04-author-paper.Rmd

# 实证网络探索

*进行某个实证网络度分布的幂律拟合*

下面我们将针对经济物理学家合作网的度分布进行幂律拟合。

```{r setup-author}
papers_authors <- read_tsv(
  "datasets/经济物理学家合作网络/paperID_authorID.txt",
  col_names = c("paper_id", "author_id")
) %>%
  # index of 0 is not supported in R
  mutate_all(~ . + 1)
num_authors <- n_distinct(papers_authors$author_id)
author_matrix <- matrix(0, num_authors, num_authors)
# get the number of cooperation papers for each pair of authors
papers <- unique(papers_authors$paper_id)
authors_coop <- tibble()
for (paper in papers) {
  paper_authors <- filter(papers_authors, paper_id == paper)
  if (nrow(paper_authors) <= 1)
    next
  paper_coop <- expand_grid(
    author1 = paper_authors$author_id,
    author2 = paper_authors$author_id
  ) %>%
    filter(author1 != author2) %>%
    add_column(n = 1)
  authors_coop <- bind_rows(authors_coop, paper_coop)
}
authors_coop <- authors_coop %>%
  group_by(author1, author2) %>%
  summarise(n = sum(n)) %>%
  ungroup()
# construct a non-weighted adjacency matrix
author_matrix[as.matrix(select(authors_coop, starts_with("author")))] <- 1
author_graph_raw <- graph_from_adjacency_matrix(author_matrix, "undirected")
# find the largest connected components
author_graph <- decompose(author_graph_raw) %>%
  enframe(name = "id", value = "graph") %>%
  mutate(num_vertices = map_dbl(graph, vcount)) %>%
  filter(num_vertices == max(num_vertices)) %>%
  pluck("graph", 1)
```

在创建经济物理学家合作网时，我们定义只要两个科学家有过合著一篇文章则表示两者之间有一条连边。这样构造出网络后，我们又找出了其最大连通集团。图\@ref(fig:visualize-author)给出了该最大连通集团的可视化结果（其中包含`r vcount(author_graph)`位科学家）。

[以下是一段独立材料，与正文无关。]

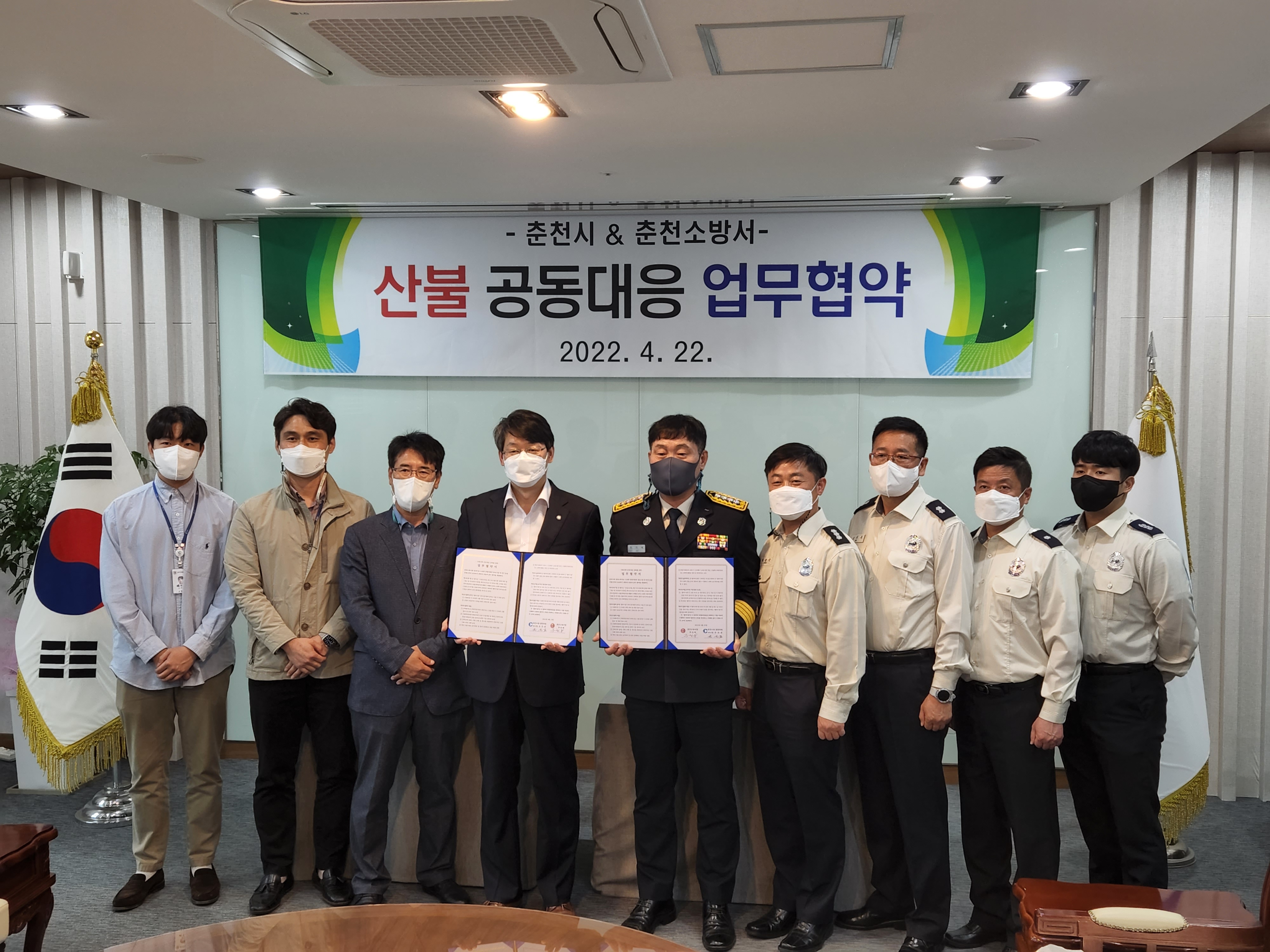 □ 춘천소방서(서장 주진복)는 지난 22일 오후 14시께 춘천시청 3층 접견실에서 춘천시청과 산불 공동대응 역량강화를 위한 업무협약을 체결했다고 밝혔다.

```{r visualize-author, fig.width=6, fig.height=6, fig.cap="经济物理学家合作网可视化"}
par(mar = c(0, 0, 0, 0) + 0.1)
plot(
  author_graph,
  layout = layout_with_kk,
  vertex.color = "black",
  vertex.size = 1,
  vertex.label = NA,
  edge.curved = 0
)
```

图\@ref(fig:degree-distribution-author)分别给出了在原始坐标轴和双对数坐标轴下的度分布图。根据双对数情况下的分布图，可以大致看出来图形呈一条直线，因此基本适合进行幂律分布拟合。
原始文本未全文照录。